Employee training can be the difference between a trim, efficient workforce and a bloated, incompetent one that wastes enterprise resources and ultimately shrinks the bottom line. As a result, U.S. businesses spend about $134 billion yearly training their workers. Unfortunately, a new study at the University of Iowa maintains that much of that money is wasted, since it merely makes employees more qualified to take better paying jobs at other companies.
Compounding the problem is the fact that by increasing turnover, the additional expense of finding, hiring and training new employees is increased as well, driving up costs and further sinking the bottom line.
The problem, according to University of Iowa professor Scott Seibert, is that employee training does not by itself instill loyalty. Professional development by itself merely creates the hunger for better opportunities.
The key to making employee training programs pay off, is to couple professional-development programs with a clear path to career advancement.
"Only those employees who can see a way forward in their careers will stay with an employer," said Seibert. "Otherwise, professional-development opportunities might simply make their workers more employable by other firms."

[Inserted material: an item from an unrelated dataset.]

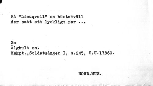 //// ...-... • •--..." .. — %. //// På "Limuqvell" en höstekväll der satt ett lyckligt par .•• //// Sm //// Ålghult sn. //// Mskpt*,Soldatsånger I, s.245* E.U.17860. //// NORD.MUS. //// * //// T //// : .v'i« - .j,- ... v <¦ , . aK t£i£' . äL$b>L :< km. .'.•¦ Ur^Ä . ...iwUhBh-.iiijÄ//:*1 ////
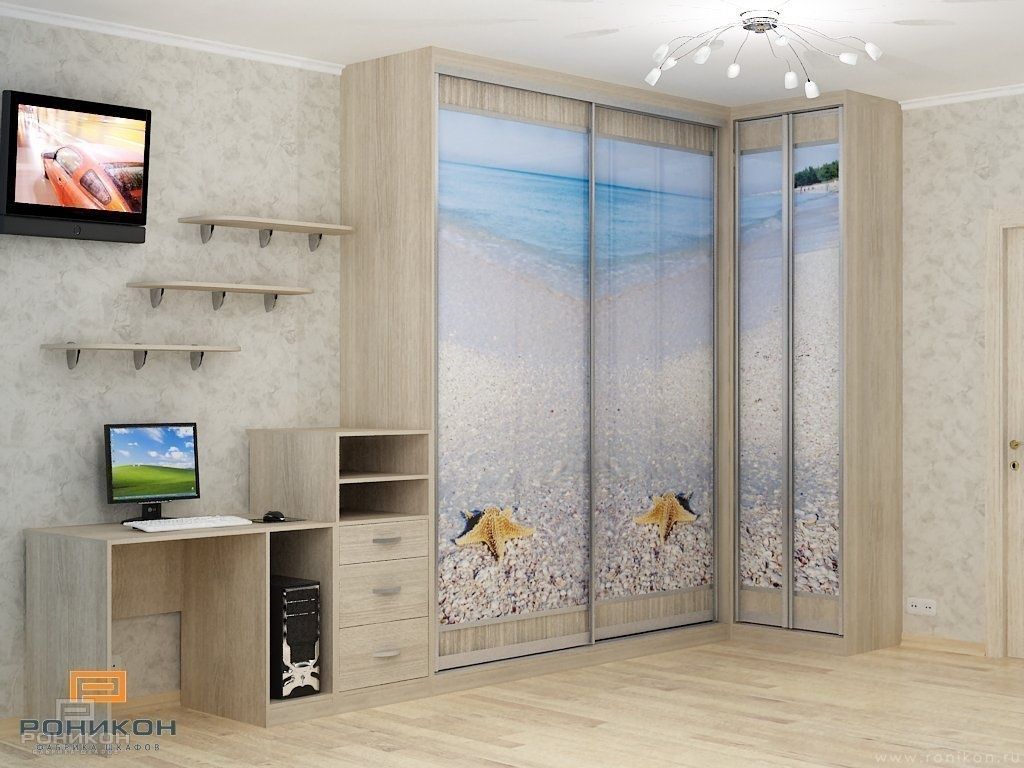 Шкаф-купе угловой формы под потолок с интегрированным компьютерным столом и тумбой с ящиками с фотопечатью на фасадах. В дизайне мебели преобладает Egger флитвуд белый, использованы безопасные плитные материалы класса Е1 ЛДСП 16 мм в кромке 2 мм по видимой части, применена фурнитура Hettich, нижнеопорная система купе.

Seibert and fellow professor Maria Kraimer based their conclusions on a survey of 246 employees, who were asked whether their company had provided adequate professional-development programs as well as whether the company also had career-advancement opportunities in-house. The results showed that the employees who took advantage of professional-development programs planned to stay on only if the training was coupled with attractive career possibilities. Otherwise, they were happy to receive the training, but felt no obligation to stay on; in fact, they felt the opposite way and started almost immediately looking for career-advancement opportunities elsewhere.

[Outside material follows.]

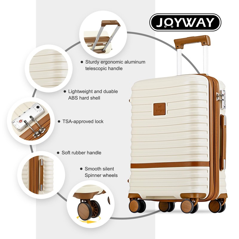 Joyway Luggage Set 3 Piece Suitcase Sets with Spinner Wheel,Hardside Expandable Travel Laggage with TSA Lock (13/20/24/28 White brown
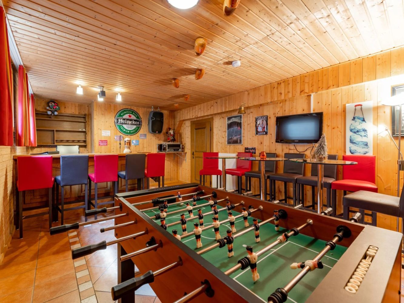 One bedroom with five single beds and television. Sauna room with shower. Recreation room with bar, television and table soccer.

"When career opportunities are low, development support was not related to performance, and it actually increased turnover," said Kraimer.
The enterprise that coupled training with a clear path to career advancement, on the other hand, was able to retain their employees and boost their company's overall productivity.
The most surprising finding of that study was that "career advancement" did not correlate directly with promotions and raises. In fact, many employees said that job rotation, mentoring opportunities and an improved relationship with their boss created the feeling that career opportunities were available.
"Career opportunities are perceptual in nature, so raising perceived career opportunities for employees may be largely a matter of letting employees know more about the range of possibilities that are already available within the organization," the researchers wrote in their study entitled: "Antecedents and Outcomes of Organizational Support for Development: The Critical Role of Career Opportunities."
The study, co-authored by professors Sandy Wayne and Robert Liden of the University of Illinois-Chicago and professor Jesus Bravo of Arizona State University, will be published in the “Journal of Applied Psychology.”